It is worth noticing that a recent study showed a specific molecular interaction between SARS-CoV-2 Spike and LPS. In that study, Spike, when combined with low levels of LPS, boosted NF-κB activation via TLR4 in monocytes, and cytokine responses in human MNCs (Petruk et al. 2020).

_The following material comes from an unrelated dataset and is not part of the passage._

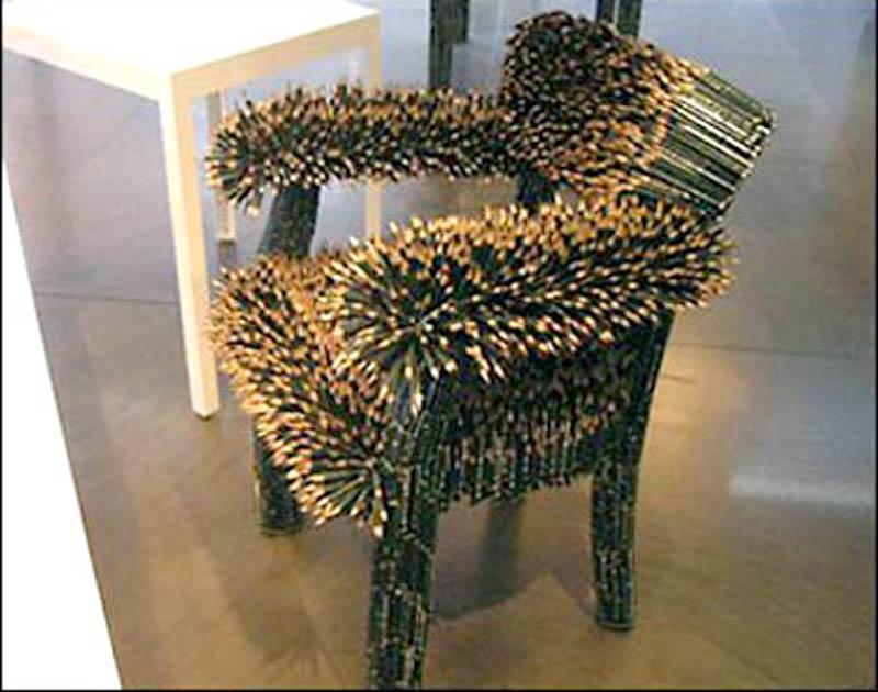 จะนั่งสบายหรือเปล่าไม่ขอการันตี แต่ที่แน่ๆ เห็นแล้วต้องนับถือในความพยายามของคนที่ออกแบบ เพราะกว่าจะนำดินสอแต่ละแท่งมาจัดระเบียบให้กลายเป็นเก้าอี้ได้คงใช้เวลานานน่าดู ใครที่ทำดินสอหายบ่อย หรือใช้ไม่เคยหมดแท่งก็เปลี่ยน ลองเอาไอเดียนี้ไปทำบ้างก็ได้
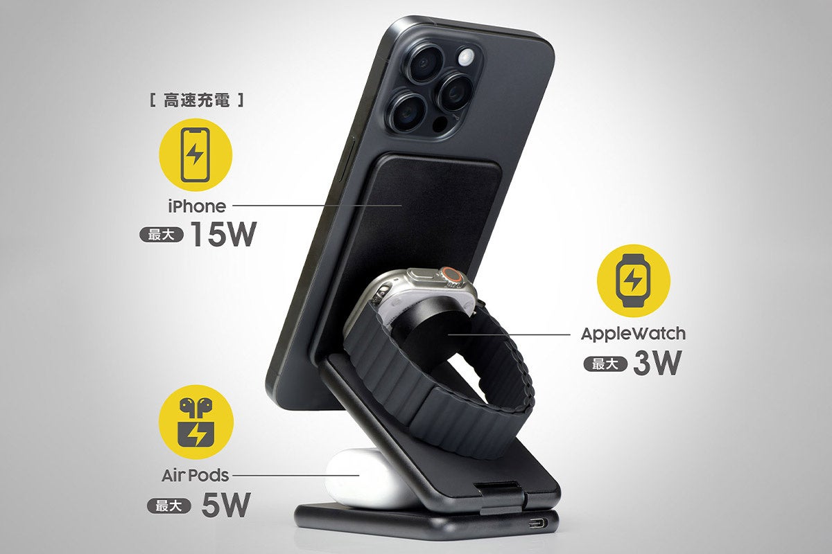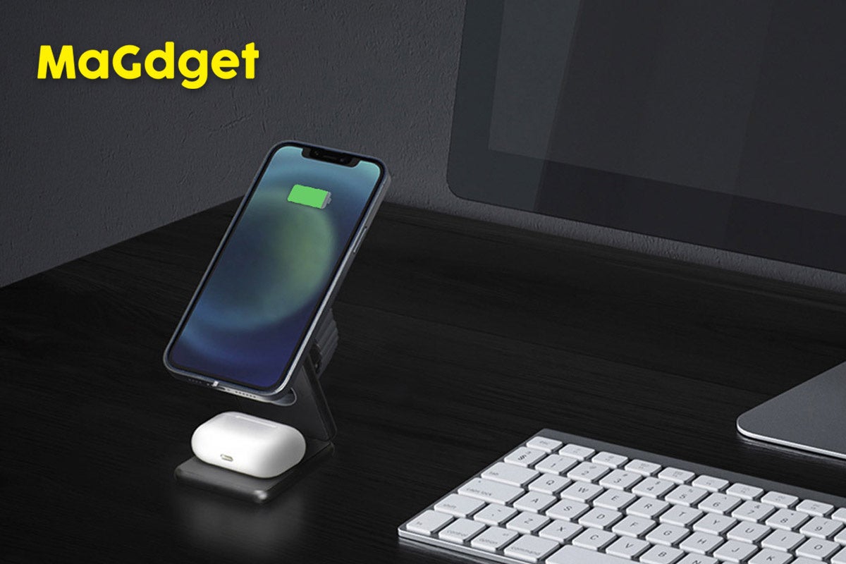 Apple三種の神器を同時に充電できる折りたたみ式のスタンド型充電器「MaGdget Fold Charge」のクラウドファンディングがスタート!

These findings suggest that LPS and Spike are synergistic in triggering and amplifying the inflammatory response of innate immune cells, with a potential dual relevance: (a) a subclinical Gram bacterial infection or low levels of LPS derived from gut microbiome, e.g., in the obese subject (Cani et al. 2012), may synergistically act with Spike during SARS-CoV-2 infection and significantly affect the clinical course of the disease; (b) at a less relevant level, since LPS is a quite frequent impurity of recombinant proteins derived from E. coli, but also from mammalian cells (e.g., CHO, HEK293) (Wakelin et al. 2006), undetected LPS contamination in recombinant Spike proteins might be a major confounder in experimental studies of Spike effects on innate immune cells and/or endothelium. Based on these premises, we hypothesized that LPS contamination of some commercially available recombinant SARS-CoV-2 Spike proteins might be—at least in part—responsible for the increased MΦ inflammation reported in the literature (Shirato and Kizaki 2021; Chiok et al. 2021; Pantazi et al. 2021; Khan et al. 2021).

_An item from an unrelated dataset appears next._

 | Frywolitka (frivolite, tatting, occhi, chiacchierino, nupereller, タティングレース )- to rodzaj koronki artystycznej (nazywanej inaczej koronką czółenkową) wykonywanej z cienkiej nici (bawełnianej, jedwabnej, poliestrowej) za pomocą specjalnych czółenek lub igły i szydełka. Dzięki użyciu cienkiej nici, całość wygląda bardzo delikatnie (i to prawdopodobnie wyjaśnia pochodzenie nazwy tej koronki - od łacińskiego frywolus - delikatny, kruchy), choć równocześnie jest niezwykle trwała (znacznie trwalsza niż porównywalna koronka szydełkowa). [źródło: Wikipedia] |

The present investigation, therefore, was undertaken with a dual goal: (1) to investigate the in vitro effect of Spike in primary human MΦ inflammation, and, consequently to some of the evidence provided by this study, and (2) to quantify LPS contamination of some commercially available recombinant SARS-CoV-2 Spike proteins, among those reported to be pro-inflammatory in previous papers.

Material and methods

Cell isolation and culture

Monocyte-derived MΦ were isolated from healthy donors’ buffy coats and cultured as previously reported (Derlindati et al. 2015). Briefly, MNCs were isolated by density gradient centrifugation on Lymphoprep (Euroclone, Milano, Italy) and 2 × 107 cells/ml were seeded in multiwell plates. Monocytes were selected from MNCs by plastic adherence for 1 h and cultured for 6 days in RPMI 1640 medium (Euroclone) with 10% fetal bovine serum (FBS), 1% L-glutamine, 1% pen/strep, 1% amphotericin B, and 70 ng/ml macrophage colony-stimulating factor (M-CSF) (Miltenyi Biotec, Bergisch Gladbach, Germany) at 37 °C and 5% CO2.

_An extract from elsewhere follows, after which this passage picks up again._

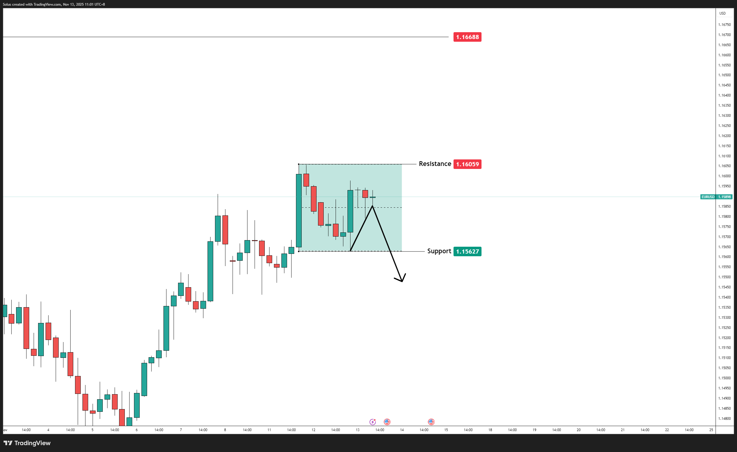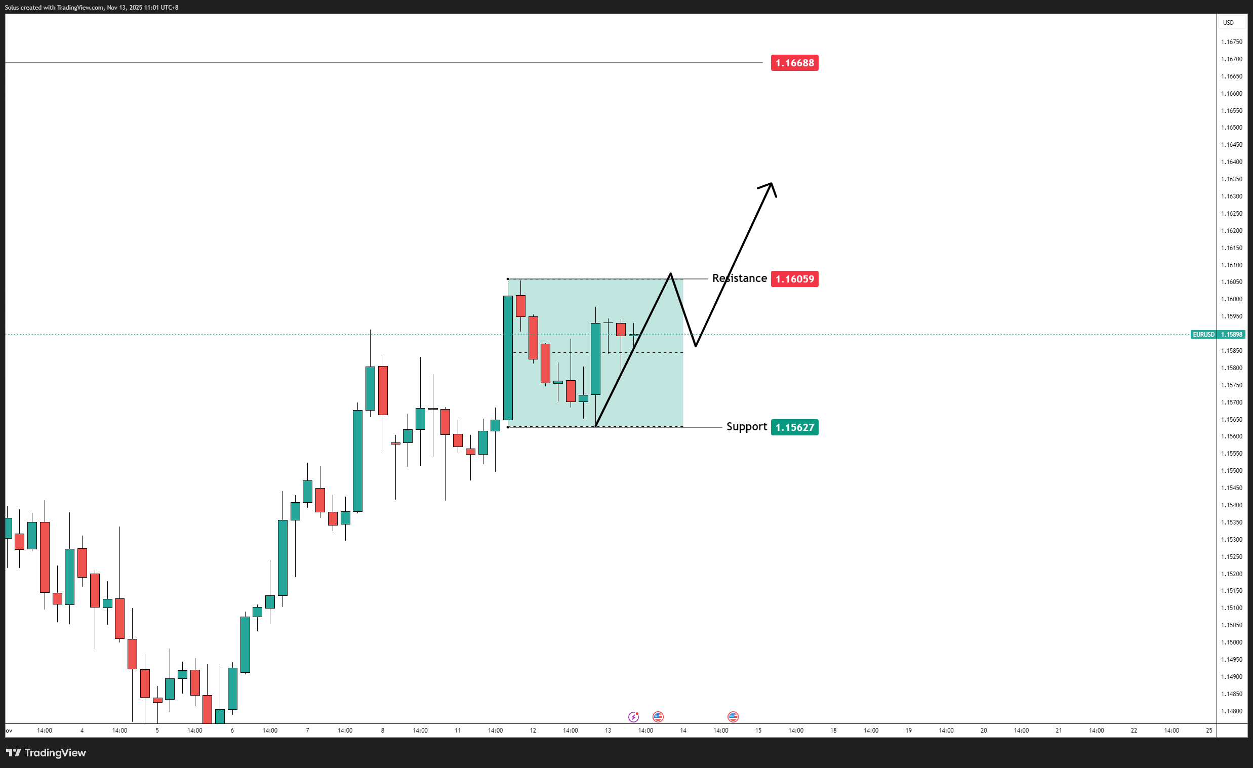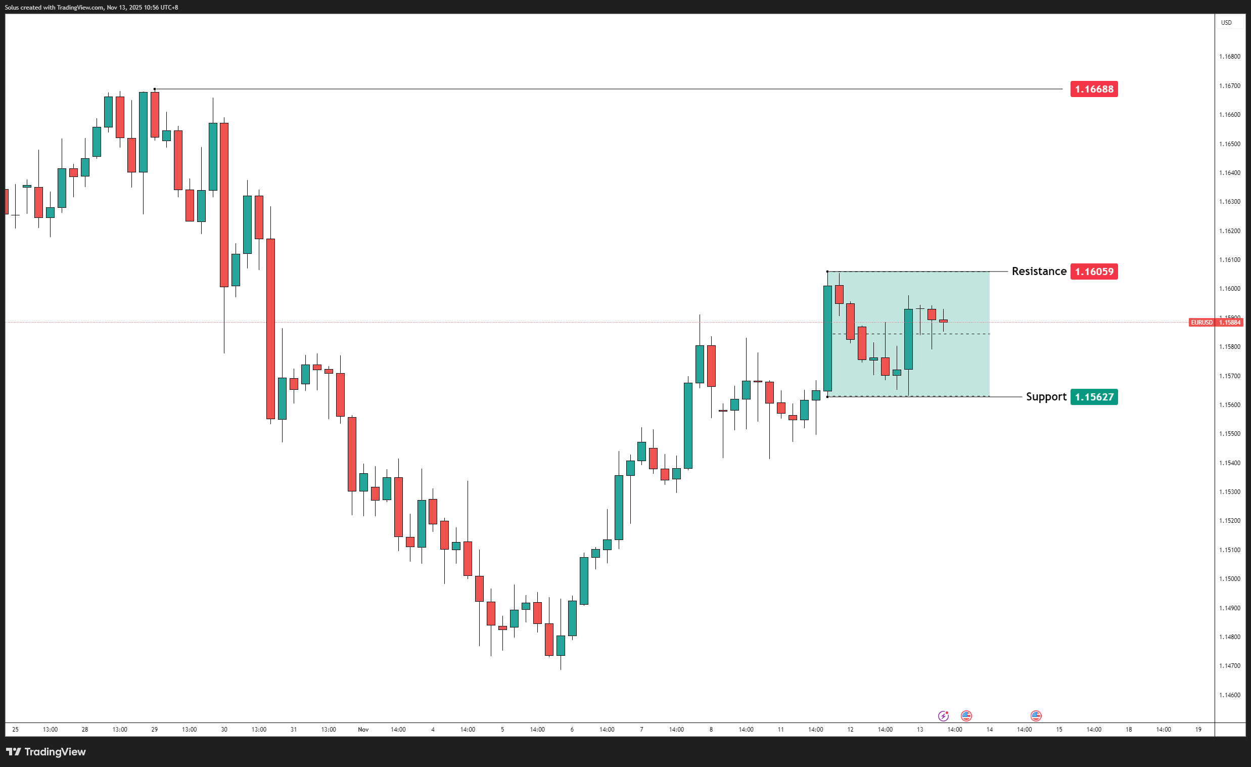 • A breakout above 1.16059 may target 1.16688, while a breakdown below 1.15627 exposes deeper pullbacks.

On day 6, MΦ were stimulated for 16 h with SARS-CoV-2 Spike S1 (Spike A, B, C, D, E, F purchased from the random listed companies Bio-Techne, Minneapolis, MN, USA; Arigo Biolaboratories, Hsinchu, Taiwan; Abcam, Cambridge, UK; BPS Bioscience, San Diego, CA, USA) at the concentration of 10 nM (Table 1). This concentration of 10 nM (corresponding to ~ 1 µg/ml) of Spike was selected on the basis of the literature (Shirato and Kizaki 2021; Zhao et al. 2021; Karwaciak et al. 2021).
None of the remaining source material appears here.